Beginning with this part of the continent's emergence from pre-history, Fehrenbach introduces us to its earliest inhabitants. We travel with the peaceful Indians who migrated from Wyoming through Nebraska and New Mexico into Texas, afoot and gathering their food from wild plants. The "lowly gatherers", they were called, confined to the ground they could cover on foot, and little match for the fleet game that abounded on every hand.
But when they encountered horses brought in by the Spanish they became obsessed with horsemanship. Large numbers of horses were stolen in nighttime raids on Spanish remudas and the "gatherers" were transformed into the fiercest Indians on the North American continent: the Comanches.
With their new mobility they could appear from nowhere, strike the Spanish settlements and disappear into nowhere like the passing wind. Better horsemen have never lived, and horses have never been used as instruments of war with such expertness as they were used by the Comanches. The Spanish incursion was pushed back, and further back.

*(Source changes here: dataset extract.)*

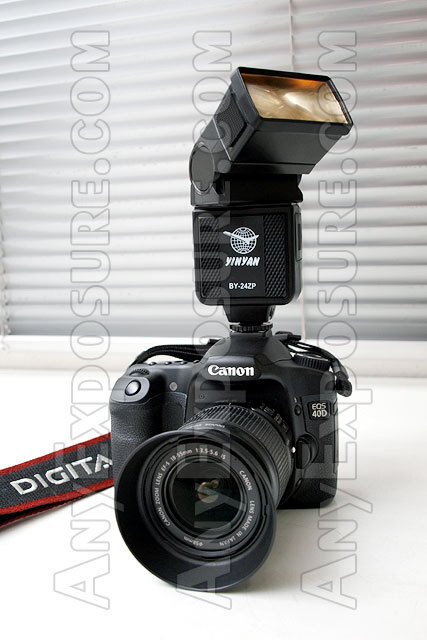 แฟลชอิเล็คทรอนิค ระบบ Manual จากค่าย YINYAN สำหรับกล้องดิจิตอล หรือกล้องฟิล์มทุกรุ่น (ที่เป็น Hot shoe มาตราฐาน) ให้กำลังไฟแรงในราคาย่อมเยาว์ หัวแฟลชปรับก้มเงยและหันซ้าย-ขวา เพื่อควบคุมทิศทางของแสง ทั้งการถ่ายภาพแนวนอนและแนวตั้งได้

So when Stephen F. Austin applied to the Mexican authorities to settle eastern Texas he was seen as added defenses against the marauding Comanches. Houston was given huge grants of land and he brought in settlers. Spanish soldiers -- fighting for they knew not what -- were one thing. Men fighting the Comanches to protect their homesteads were something else, and they fought back blow for blow. So the Comanches were encouraged to occupy west Texas, leaving the settlers the eastern part of the land pretty much alone.